The answer must restate the listing word for word, without its images.

=== DATA EXCERPT ===

--- START ---

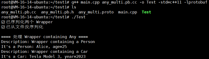 using google::protobuf::Any;int main() {GOOGLE_PROTOBUF_VERIFY_VERSION;// ==========================// 1️⃣ 创建 Person 对象// ==========================tutorial::Person person;person.set_name("Alice");person.set_age(25);// 创建 Car 对象tutorial::Car car;car.set_model("Tesla Model 3");car.set_year(2023);// ==========================// 2️⃣ 包装到 Wrapper 中// ==========================tutorial::Wrapper wrapper_person;wrapper_person.set_description("Wrapper containing a Person");wrapper_person.mutable_data()->PackFrom(person);tutorial::Wrapper wrapper_car;wrapper_car.set_description("Wrapper containing a Car");wrapper_car.mutable_data()->PackFrom(car);// ==========================// 3️⃣ 序列化到文件// =========================={fstream out("wrapper_person.bin", ios::out | ios::trunc | ios::binary);wrapper_person.SerializeToOstream(&out);fstream out2("wrapper_car.bin", ios::out | ios::trunc | ios::binary);wrapper_car.SerializeToOstream(&out2);}cout << "✅ 已序列化两个 Wrapper" << endl;// ==========================// 4️⃣ 反序列化// ==========================tutorial::Wrapper w_person2;tutorial::Wrapper w_car2;{fstream in("wrapper_person.bin", ios::in | ios::binary);w_person2.ParseFromIstream(&in);fstream in2("wrapper_car.bin", ios::in | ios::binary);w_car2.ParseFromIstream(&in2);}cout << "✅ 已从文件反序列化" << endl;// ==========================// 5️⃣ 判断类型并解包// ==========================cout << "\n==== 处理 Wrapper containing Any ====" << endl;// Person// 判断 w_person2 中的 Any 是否为 Person 类型if (w_person2.data().Is<tutorial::Person>()) {tutorial::Person p;w_person2.data().UnpackTo(&p);cout << "Description: " << w_person2.description() << endl;cout << "It's a Person: " << p.name() << ", age=" << p.age() << endl;}// Car// 判断 w_car2 中的 Any 是否为 Car 类型if (w_car2.data().Is<tutorial::Car>()) {tutorial::Car c;w_car2.data().UnpackTo(&c);cout << "Description: " << w_car2.description() << endl;cout << "It's a Car: " << c.model() << ", year=" << c.year() << endl;}google::protobuf::ShutdownProtobufLibrary();return 0;
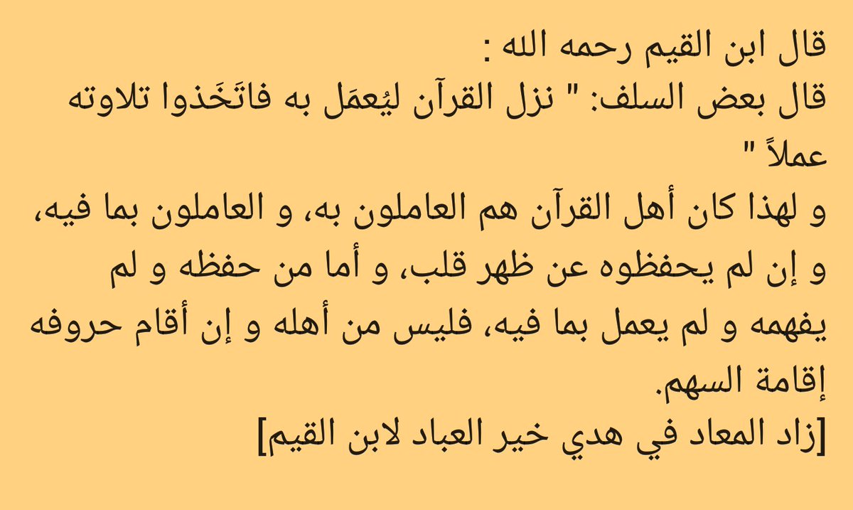 المقتطفات الس ن ي ة Pa Twitter بيان أهمية تدبر القرآن و فهمه و العمل به و أنه لا يكتفى بتلاوته أو حفظه ابن القيم و ابن قتيبة و بعض أئمة السلف Https T Co Ea5iuacjc3
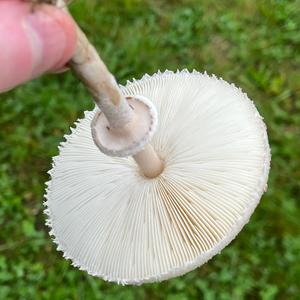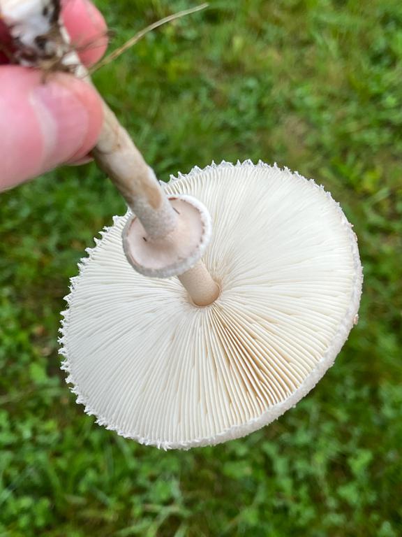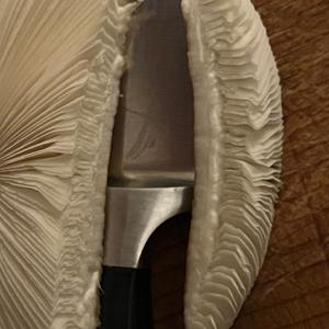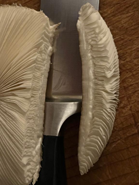 Spore print whitish, not green. Flesh did not discolor when cut, stayed white.
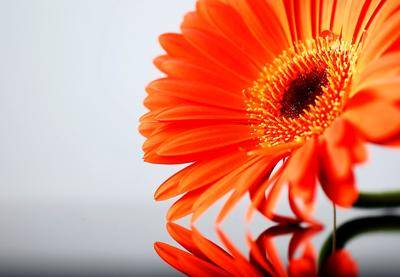 Цветок оранжевой герберы и его отражение на гладкой поверхности

--- END ---

=== OUTPUT FOR THIS EXERCISE ===
 using google::protobuf::Any;int main() {GOOGLE_PROTOBUF_VERIFY_VERSION;// ==========================// 1️⃣ 创建 Person 对象// ==========================tutorial::Person person;person.set_name("Alice");person.set_age(25);// 创建 Car 对象tutorial::Car car;car.set_model("Tesla Model 3");car.set_year(2023);// ==========================// 2️⃣ 包装到 Wrapper 中// ==========================tutorial::Wrapper wrapper_person;wrapper_person.set_description("Wrapper containing a Person");wrapper_person.mutable_data()->PackFrom(person);tutorial::Wrapper wrapper_car;wrapper_car.set_description("Wrapper containing a Car");wrapper_car.mutable_data()->PackFrom(car);// ==========================// 3️⃣ 序列化到文件// =========================={fstream out("wrapper_person.bin", ios::out | ios::trunc | ios::binary);wrapper_person.SerializeToOstream(&out);fstream out2("wrapper_car.bin", ios::out | ios::trunc | ios::binary);wrapper_car.SerializeToOstream(&out2);}cout << "✅ 已序列化两个 Wrapper" << endl;// ==========================// 4️⃣ 反序列化// ==========================tutorial::Wrapper w_person2;tutorial::Wrapper w_car2;{fstream in("wrapper_person.bin", ios::in | ios::binary);w_person2.ParseFromIstream(&in);fstream in2("wrapper_car.bin", ios::in | ios::binary);w_car2.ParseFromIstream(&in2);}cout << "✅ 已从文件反序列化" << endl;// ==========================// 5️⃣ 判断类型并解包// ==========================cout << "\n==== 处理 Wrapper containing Any ====" << endl;// Person// 判断 w_person2 中的 Any 是否为 Person 类型if (w_person2.data().Is<tutorial::Person>()) {tutorial::Person p;w_person2.data().UnpackTo(&p);cout << "Description: " << w_person2.description() << endl;cout << "It's a Person: " << p.name() << ", age=" << p.age() << endl;}// Car// 判断 w_car2 中的 Any 是否为 Car 类型if (w_car2.data().Is<tutorial::Car>()) {tutorial::Car c;w_car2.data().UnpackTo(&c);cout << "Description: " << w_car2.description() << endl;cout << "It's a Car: " << c.model() << ", year=" << c.year() << endl;}google::protobuf::ShutdownProtobufLibrary();return 0;
 المقتطفات الس ن ي ة Pa Twitter بيان أهمية تدبر القرآن و فهمه و العمل به و أنه لا يكتفى بتلاوته أو حفظه ابن القيم و ابن قتيبة و بعض أئمة السلف Https T Co Ea5iuacjc3
 Spore print whitish, not green. Flesh did not discolor when cut, stayed white.
 Цветок оранжевой герберы и его отражение на гладкой поверхности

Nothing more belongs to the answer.